The National Pharmaceutical Pricing Authority – Why the Pharma Industry is up...

The National Pharmaceutical Pricing Authority – Why the Pharma Industry is up in arms against it

highlight-2The object of the National Pharmaceutical Pricing Authority (NPPA), is to put in place a regulatory frame work for pricing of drugs to ensure that they are available at reasonable prices to the Indian population.
The Government of India also hopes to come up with all measures for ensuring sufficient opportunity for innovation and competition to support the growth of the pharma Industry.

The New Policy

Under the new policy:-

  • The method of determining the price of drugs would be the weighted average price (WAP), which will be a single average of all brands with 1% share cut off, which will according to ‘ASSOCHAM’ result in 40 – 70% price reduction of the National List of Essential Medicines(NLEM)
  • 348 essential drugs including Cancer and HIV medicines will come under the preview of this policy
Benefits to Consumers

The reduced prices will make available essential drugs to the common man.
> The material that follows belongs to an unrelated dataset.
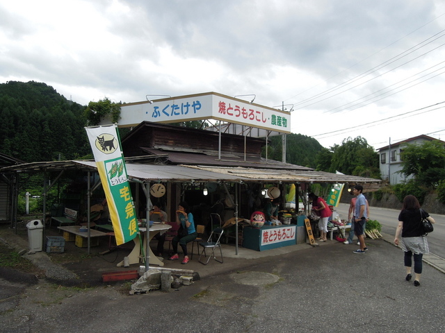 焼きとうもろこしや新鮮な野菜などの地元農作物や舞茸といった特産品を売る店が約30軒並びます。

Thousands of poor and needy will be covered under the basic ‘Health Care’

Benefits to the Pharma Industry

The present cost based method followed by the pharma sector in India creates an inefficient and inconsistent mechanism of price calculation and makes it unaffordable to the poor and needy, further, it creates a monopoly of a few brands. The new policy would create a healthy competition and ensure more volumes of sales due to reduced prices.

Negative impact of the policy on the Pharma Industry
  • The Indian Pharma Companies will be adversely impacted in its profitability
  • Constant pressure to cope with competition to ensure that drugs sold in India are among the cheapest in the World
  • Big foreign pharma companies, who are the leading suppliers of many essential drugs to India may lose interest in investing or expanding production capacity in India

However, the reason the pharma Industry is up in arms against the Government of India  and its drug pricing policy is because of the action of the Government in arbitrarily fixing the prices of anti diabetic and cardiovascular drugs which do not come under the ‘National List of Essential Medicines’ (NLEM) without consultations with the Industry. This has made the Pharma Industry to file an affidavit in the Supreme Court challenging this action. The Supreme Court has also not taken kindly to the Government’s action and questioned them as to how they could fix prices of drugs of anti diabetic and cardiovascular drugs which do not come under the NLEM. The other criteria – extraordinary circumstances also is not satisfied.

If the Government (NPPA) continues to meddle with pricing of drugs outside the NLEM it would make the NLEM redundant and kill the Pharma  drug Industry in India and defeat the very purpose of the new policy which aims to provide sufficient opportunity for innovation and competition for the Pharma Industry for its growth in India.

LSW is of the view that the Pharma Industry is an integral part of the Health Care environment. It would do well for the Government and the Pharma Industry to sit together to find solutions to provide affordable health care to the poor and needy and the most vulnerable sections of the population. The Health Minister’s idea to provide health insurance to all is a welcome step which would go a long way in providing essential health care and essential drugs to the most vulnerable sections of the Indian population.